This article first appeared in the St. Louis Beacon, Feb. 28, 2013 - St. Louis Mayor Francis Slay, a huge booster of Missouri’s historic tax credit program, isn’t happy with the bill approved Thursday by the Missouri Senate that slashes the program’s annual allocation ceiling by almost two-thirds.

But Slay's chief of staff Jeff Rainford said the mayor is confident that the state House will mandate a higher ceiling and “not anything close to this draconian” limit.
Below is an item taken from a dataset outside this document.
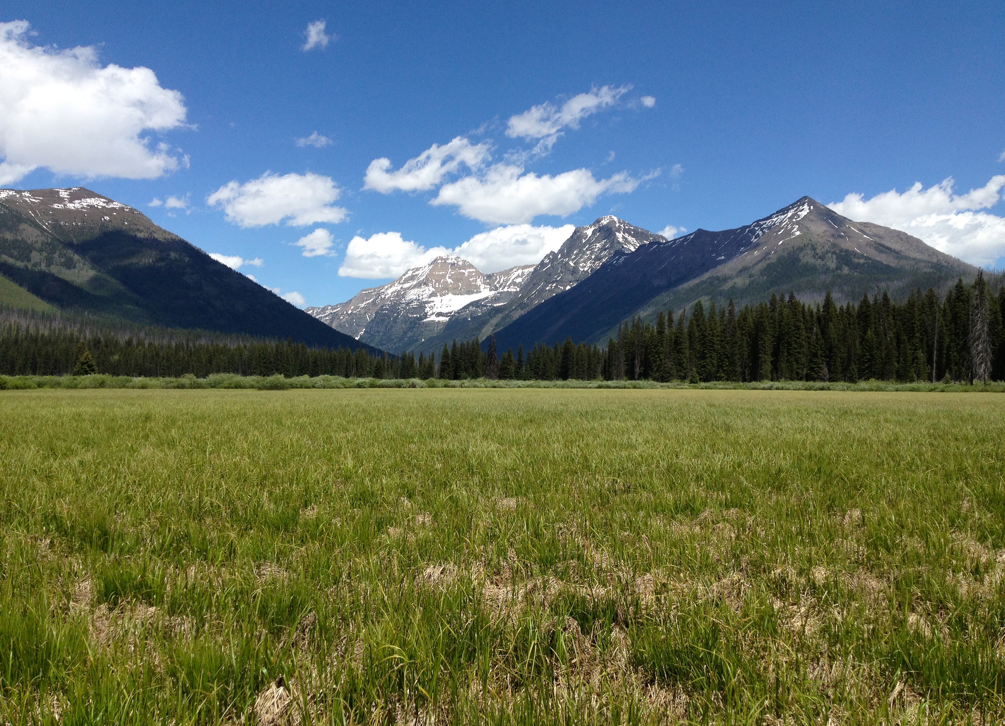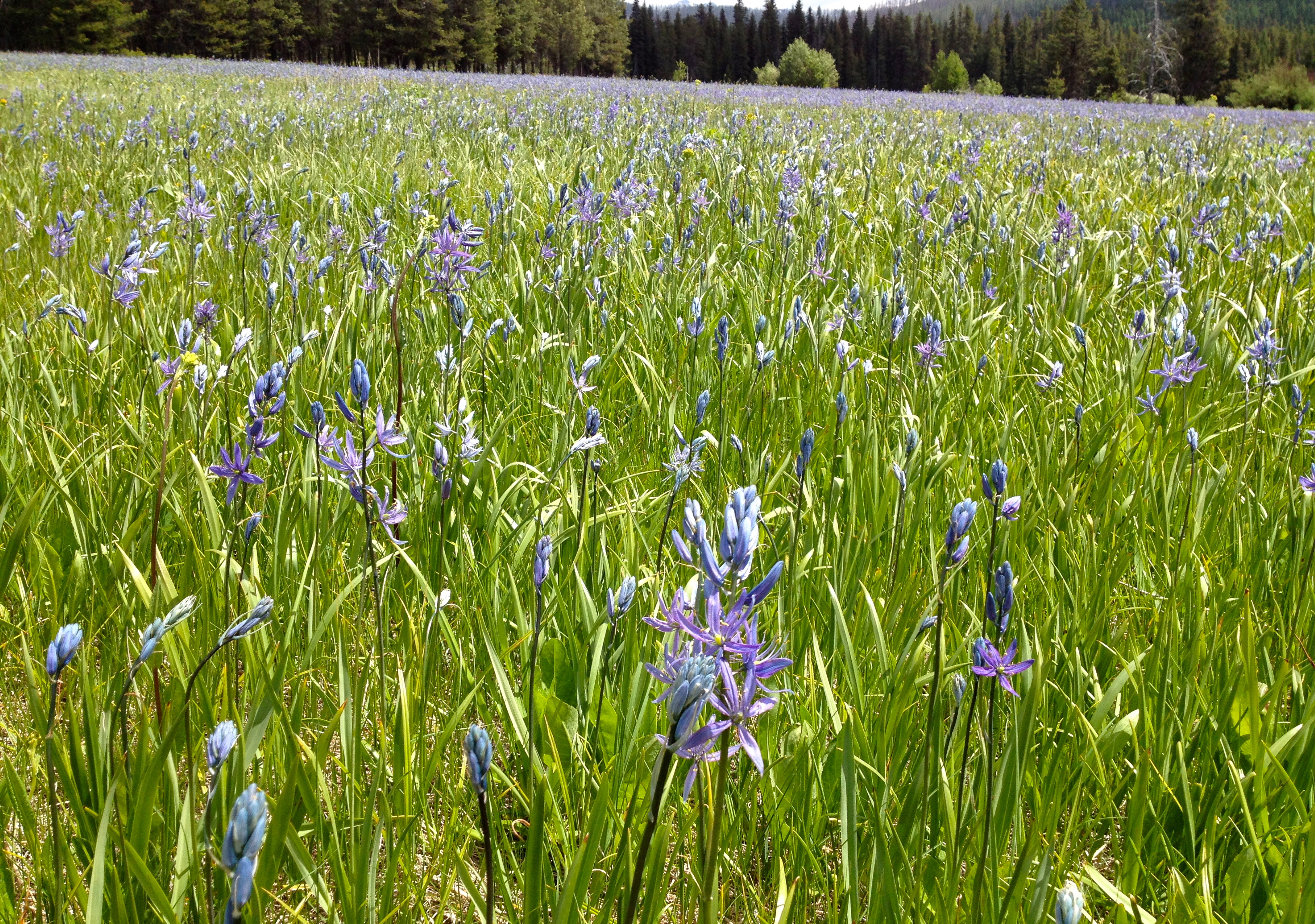 The past two weekends have been the most fatiguing consecutive ones in memory, so for most of this one I contented myself with sleeping in, working on an article, and reading a 700 page biography of FDR. But summer is here, and the call was too much to resist. A fairly harsh winter and a long, cool spring have given us what promises to be an exceptionally luscious summer. The Camas along the creek of the same name was running riot, I saw many sleek and happy deer, broods of Canada Goslings, and bear tracks. Further up Camas Creek is the lake where one of the two Night of the Grizzlies attacks took place half a century ago, and every biologist I’ve spoke to about the subject confirms that this exceptionally wet and brushy drainage has a correspondingly exceptionally large number of bears. I saw at distinguishable tracks from at least five different bears in mud patches during the first few miles, and all of those tracks were no older than 48 hours. Humans don’t walk this trail often, as a burly creek crossing further up makes a loop or point to point difficult until later in the year. As a result the winter’s deadfall had not been cleared, and only bears had made trails around the larger snags. In a few spots the pigeon-toed postholed they had left through the grass could not have been more obvious.

The Senate’s economic development bill would restrict historic-preservation tax credits to $50 million a year; it would also place a $55 million cap on low-income housing tax credits. The current caps now are $140 million for historic tax credits and $190 million for the low-income credits.

(Update) Former state Sen. Jeff Smith, D-St. Louis,  is  now executive director of the Missouri Workforce Housing Association, which is made up of 135 groups that seek affordable housing.

Smith said Friday the association is “not pleased with the Senate bill,” and believes that the measure is based on faulty assumptions.

“People forget that the low-income housing tax credit was cut $124 million from its peak back in 2009,” he said. “Most states have other housing programs that spend tens or hundreds of millions” on low-income housing,  while Missouri does not.

In addition, Smith said lawmakers need to recognize that cutting low-income housing shifts the state’s costs elsewhere – while also harming the low-income people who need the housing assistance.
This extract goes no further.